Four women take an early lead in Trump veepstakes if he gets 2024 GOP nod

The shadow campaign to become former President Donald Trump’s 2024 running mate if he wins the nomination is taking shape, though multiple sources say there is no clear front-runner.

Trump has signaled he will ditch his previous No. 2, former Vice President Mike Pence, who has his eyes set on his own White House bid. More than a dozen Trump campaign veterans and former administration officials believe the former president will likely select a woman to join him on the ticket in an effort to win back the female voters he hemorrhaged to President Joe Biden in 2020.
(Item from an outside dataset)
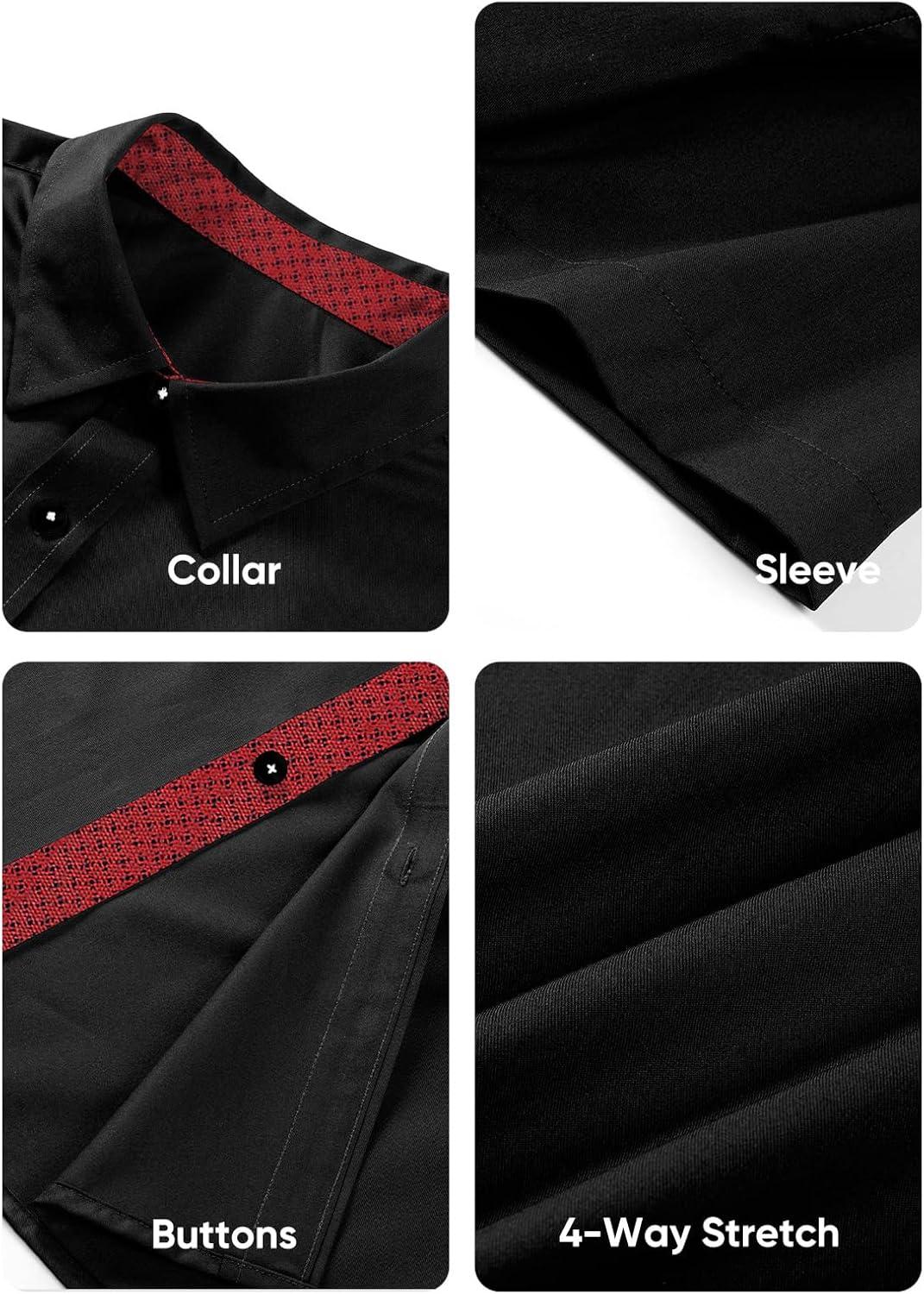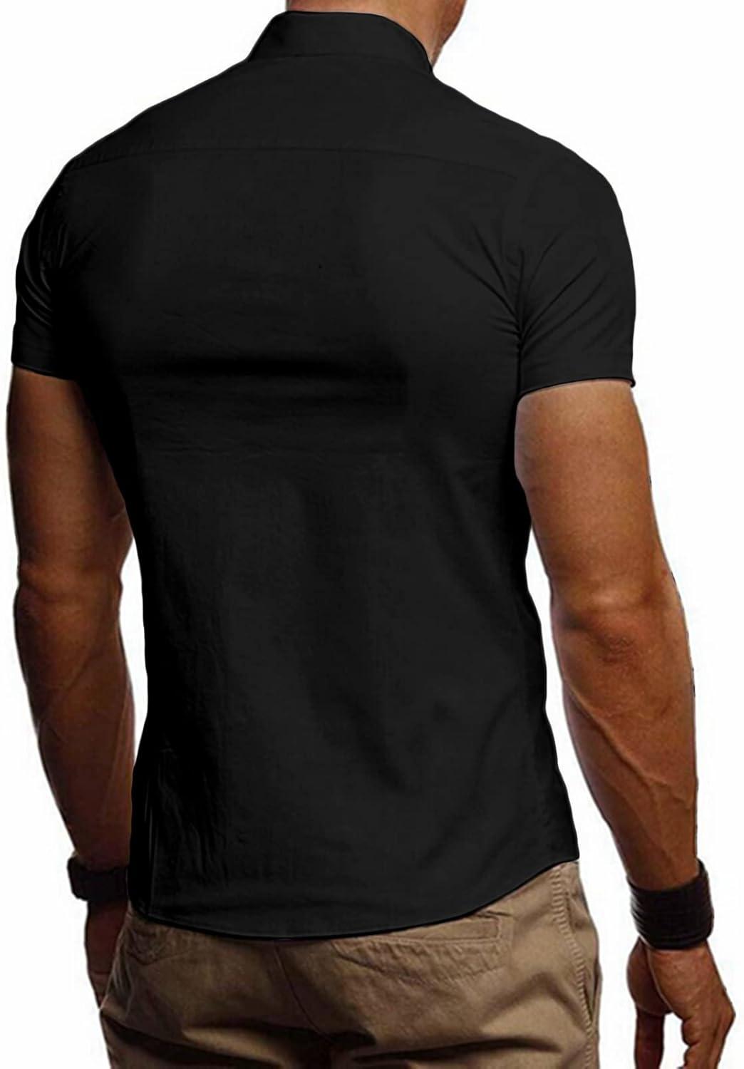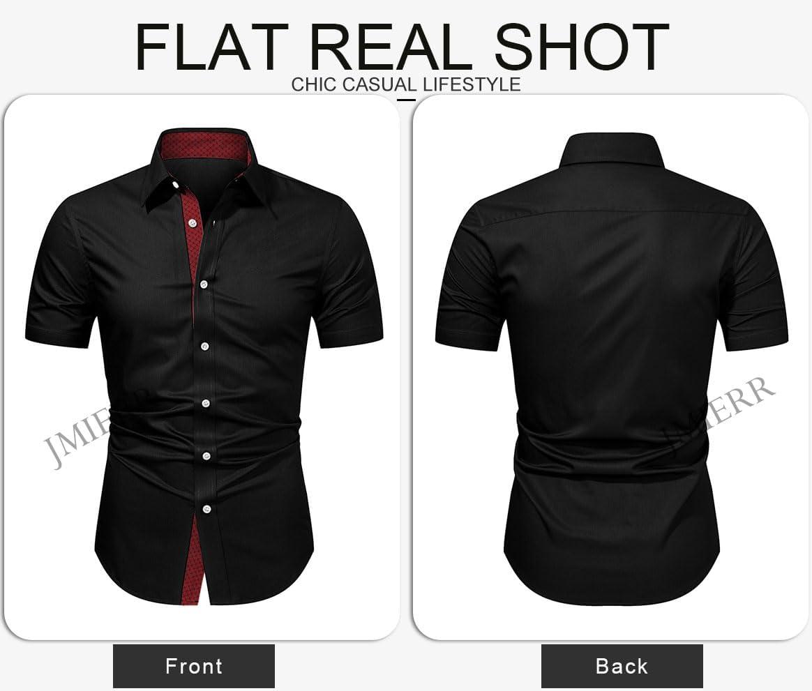 JMIERR Men’s Casual Button Down Shirts Wrinkle-Free Short Sleeve Business Dress Shirt(A Black2)
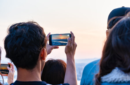 young woman taking a picture of a beautiful sunset with a smartphone

Sources say that potential candidates must display one defining characteristic, an unflinching loyalty to the former president, and most of the MAGA figures who spoke to the Washington Examiner agree that four women in particular are on Trump’s short list: Gov. Kristi Noem (R-SD), Rep. Elise Stefanik (R-NY), Gov. Sarah Huckabee Sanders (R-AR), and former Arizona journalist Kari Lake.

Sanders, the youngest governor in the United States and the longest-tenured press secretary in the Trump White House, flew up political draft boards after she delivered what Trump supporters agree was an “exceptionally strong” response to Biden’s State of the Union on Feb. 7.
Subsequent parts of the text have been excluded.